§ **ASSIGNED TASK**: Find "- 翌日の倦怠感:睡眠薬の効果が残り、翌日の活動に影響を及ぼす場合があります。", then copy its line and every later line of the entries exactly through the end, leaving all pictures out.

[Items from a dataset]
******

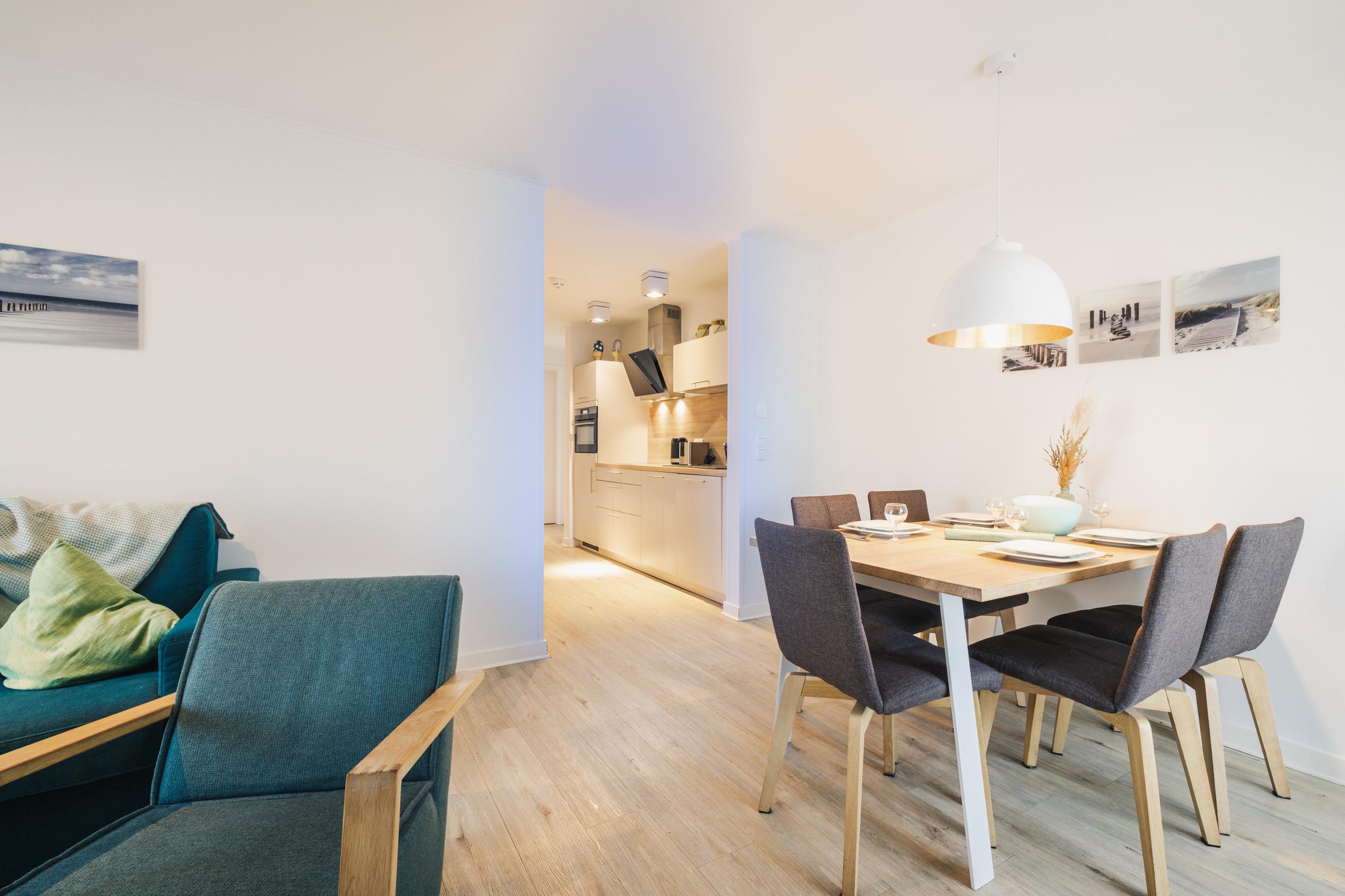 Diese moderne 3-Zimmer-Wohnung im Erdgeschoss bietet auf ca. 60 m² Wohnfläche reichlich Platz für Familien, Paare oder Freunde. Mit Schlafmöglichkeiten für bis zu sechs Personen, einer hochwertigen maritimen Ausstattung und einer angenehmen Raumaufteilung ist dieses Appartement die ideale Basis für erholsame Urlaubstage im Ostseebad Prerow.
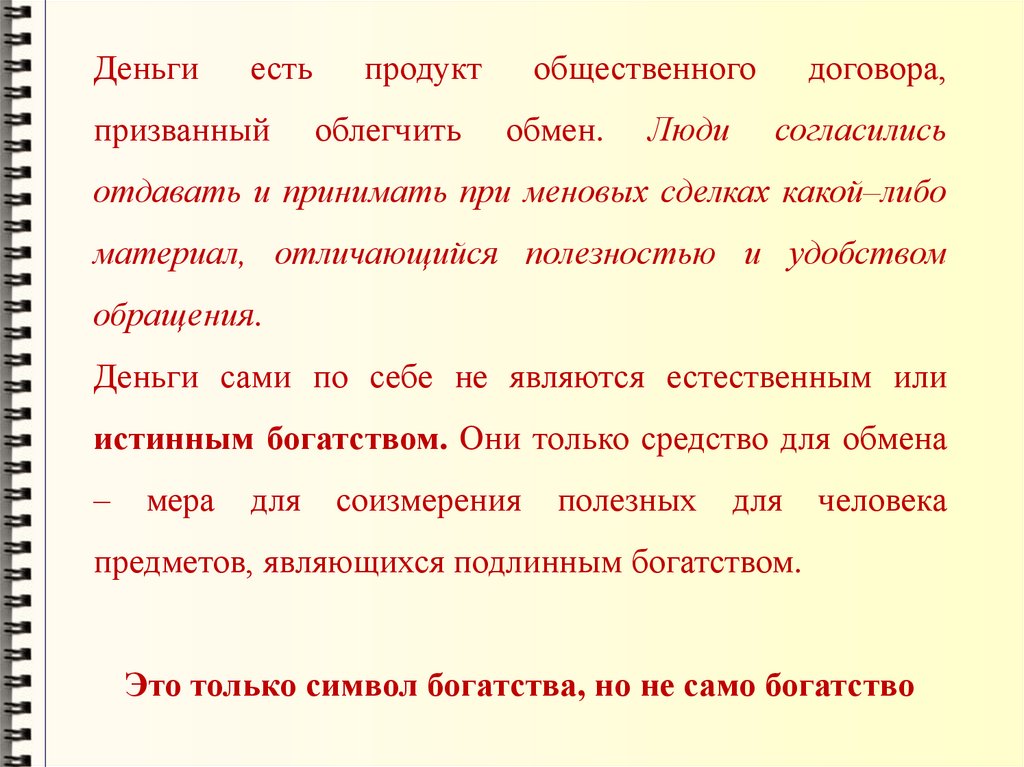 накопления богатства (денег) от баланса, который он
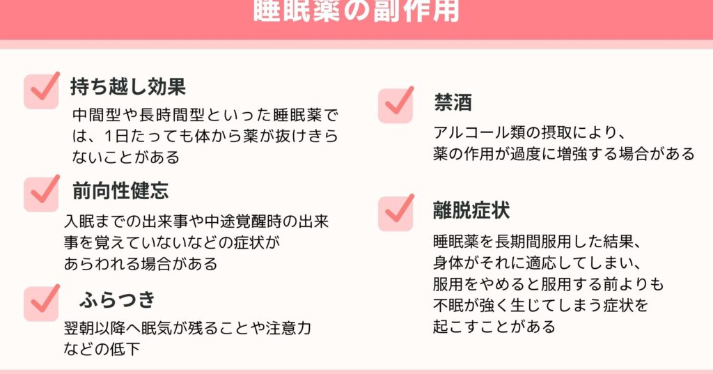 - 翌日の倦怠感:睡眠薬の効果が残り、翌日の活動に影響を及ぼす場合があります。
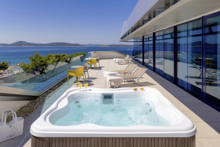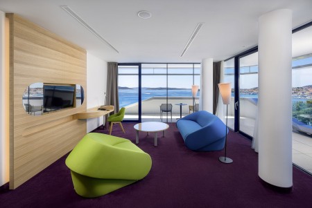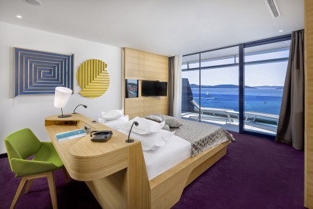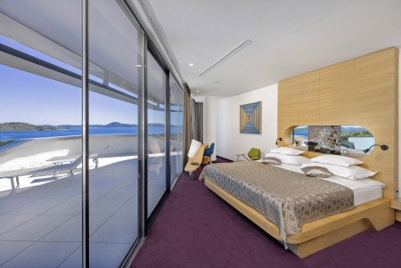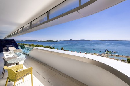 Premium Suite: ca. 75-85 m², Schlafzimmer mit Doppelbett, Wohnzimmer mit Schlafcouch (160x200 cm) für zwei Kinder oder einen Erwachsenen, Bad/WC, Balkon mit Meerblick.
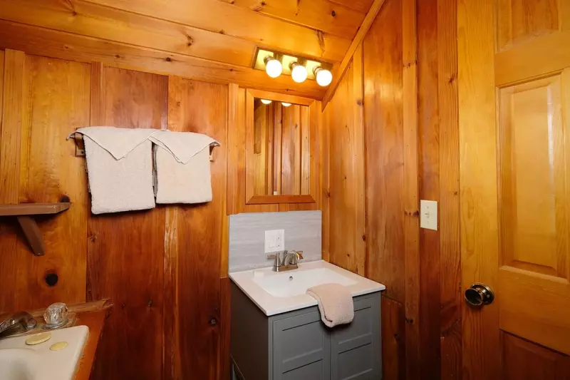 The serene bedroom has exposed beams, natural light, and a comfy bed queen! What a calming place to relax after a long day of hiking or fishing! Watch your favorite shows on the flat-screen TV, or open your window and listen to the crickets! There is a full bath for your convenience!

******

§ **TASK ANSWER**:
 - 翌日の倦怠感:睡眠薬の効果が残り、翌日の活動に影響を及ぼす場合があります。
 Premium Suite: ca. 75-85 m², Schlafzimmer mit Doppelbett, Wohnzimmer mit Schlafcouch (160x200 cm) für zwei Kinder oder einen Erwachsenen, Bad/WC, Balkon mit Meerblick.
 The serene bedroom has exposed beams, natural light, and a comfy bed queen! What a calming place to relax after a long day of hiking or fishing! Watch your favorite shows on the flat-screen TV, or open your window and listen to the crickets! There is a full bath for your convenience!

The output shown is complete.